The only reason I was putting up with them was because of friend inside who had referred me. The thing is they made me right endless code rounds after rounds and I did code pretty well. I solved close to 90% of the problems without the internet. But most of them were coding problems.

During the final rounds, I don't know what got into them. They started going into Core CS areas. And damn then they started the Algo pop quiz. Some how during the last 3-4 rounds they started giving out the perception that they were not happy with some one who did not know the algorithms from the book memorized by heart. And that even good coding skills can't compensate for that.

After that they called me back and told, that some other department from the same company would like to have an another round. I just politely denied and, cut the call.



I worked in a company that did that a couple of times, but not to that extent. Usually the job description wasn't well defined and the candidate didn't have any champions within the company. We would keep on bringing the candidate in over and over in the hope that some new perspective would make the choice obvious. (it never did)

Oddly enough, when you decline to continue interviewing they often immediately send you a job offer.


Frankly speaking if you can't decide about a candidate after 3.5 days of interviewing there's probably something really badly broken about your interviewing process. Or just that its so inefficient.

I wouldn't have accepted the offer from the company, from the very outlook it looked like bureaucratic jungle where no one is capable of taking a decision/risk until they run through some 20 meetings to decide what to do.

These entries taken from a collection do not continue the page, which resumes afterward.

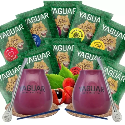 Coffret Yerba Maté pour deux : échantillons 3×50g + 2x Calebasse + 2x Bombilla
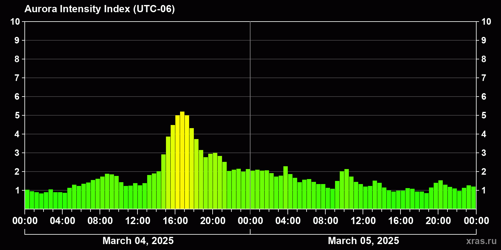 Changes in the auroral intensity index from 2025-03-04 to 2025-03-05 local time
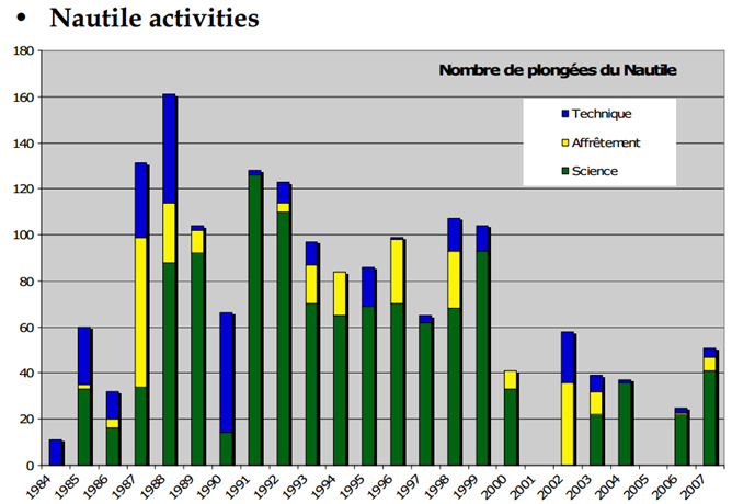 法國(guó)1984年研制成的“鸚鵡螺”號(hào)潛水器最大下潛深度可達(dá)6000米,活動(dòng)范圍可以遍及全球海域的97%。累計(jì)下潛了1700多次,完成過(guò)多金屬結(jié)合區(qū)域,深海海底生態(tài)等調(diào)查,以及沉船、有害廢料等搜索任務(wù)。該深潛器的操作和維護(hù)由GENAVIR進(jìn)行,Ifremer負(fù)責(zé)Nautile的技術(shù)支持和改進(jìn)。載人球體的材料為鈦合金,深潛器前面裝有兩個(gè)機(jī)器手臂,可用于采集樣品。Nautile的工作小組至少有8個(gè)人,包括2個(gè)潛航員(其中一個(gè)可作為監(jiān)督者)、2個(gè)精通電子的潛航員、2個(gè)導(dǎo)航專家、2個(gè)精通于機(jī)械的潛航員。“鸚鵡螺”號(hào)于19871998年期間,共打撈文物1500多件,它用兩個(gè)機(jī)器手臂將文物放在箱子里,然后帶回水面。1998年,“鸚鵡螺”號(hào)將一個(gè)很大(長(zhǎng)8米,寬7米)的船殼的碎片帶回水面。它的機(jī)器手臂非常靈活,即使是遇到一個(gè)水晶花瓶,也能夠完好無(wú)損地被帶回水面。
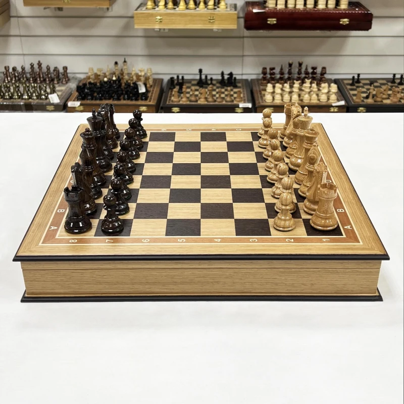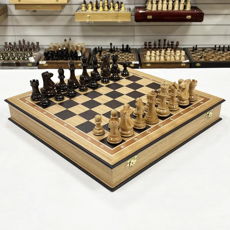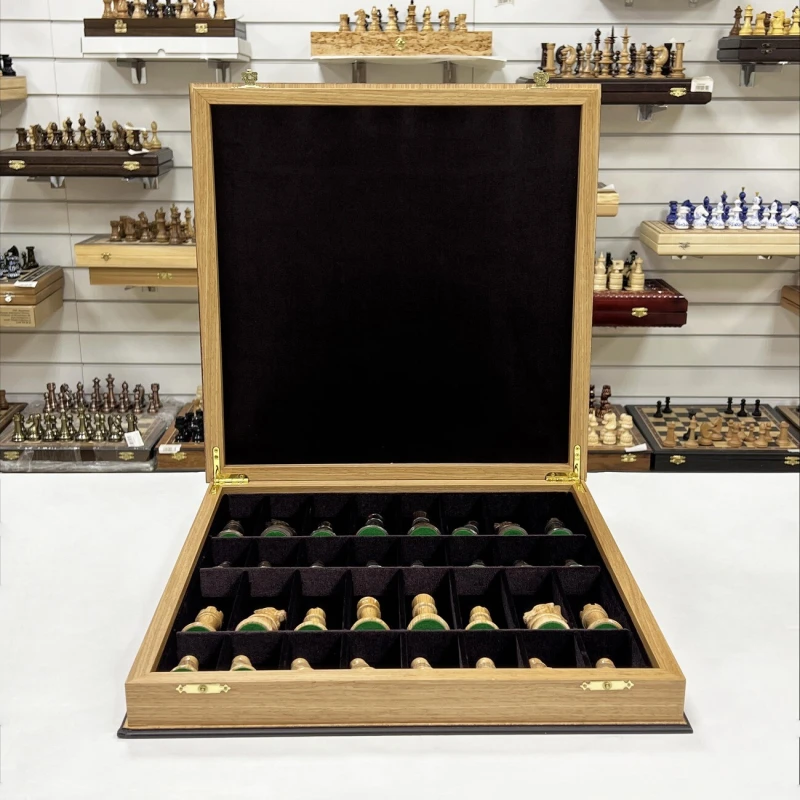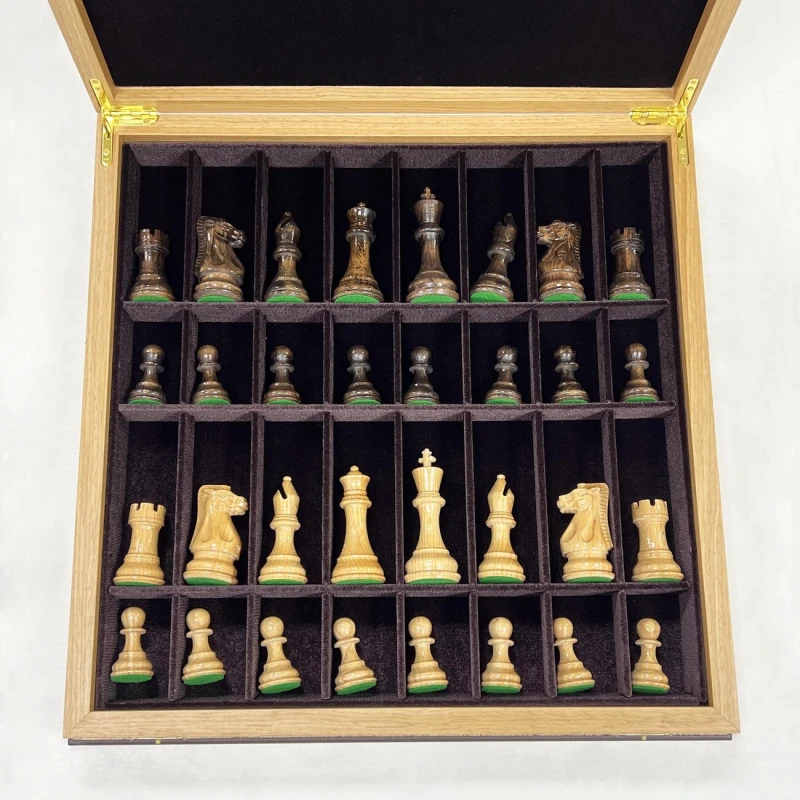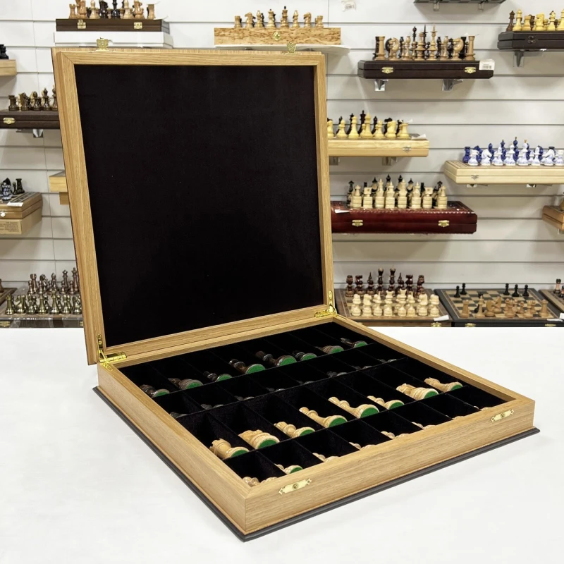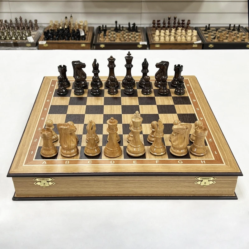 В комплекте фигуры в стиле "Стаунтон" из дуба с утяжелением, отлично сочетаются с доской. Внутри ларца имеются ячейки для фигур, оббитые бархатом. Высота Короля - 10 см Высота пешки - 5 см. Материал доски - дуб, фигур - дуб и ясень. Диаметр основания короля - 5 см Диаметр основания пешки - 2.5 см.

And then toss it on to some one else.

For that if this is what you make candidate run through, you are sure to get CareerCup interview questions ebook masters but not good programmers.


Absolutely, any company that does this has a totally broken interviewing process.

Though in our case there wasn't too much structure day-to-day, there was total lack of structure.


Phone interviews or in person? I think after 3 such I would have decided these people just couldn't make decisions or were such a political organization they would have been toxic to work for. Did your contact give any insight into this inefficiency?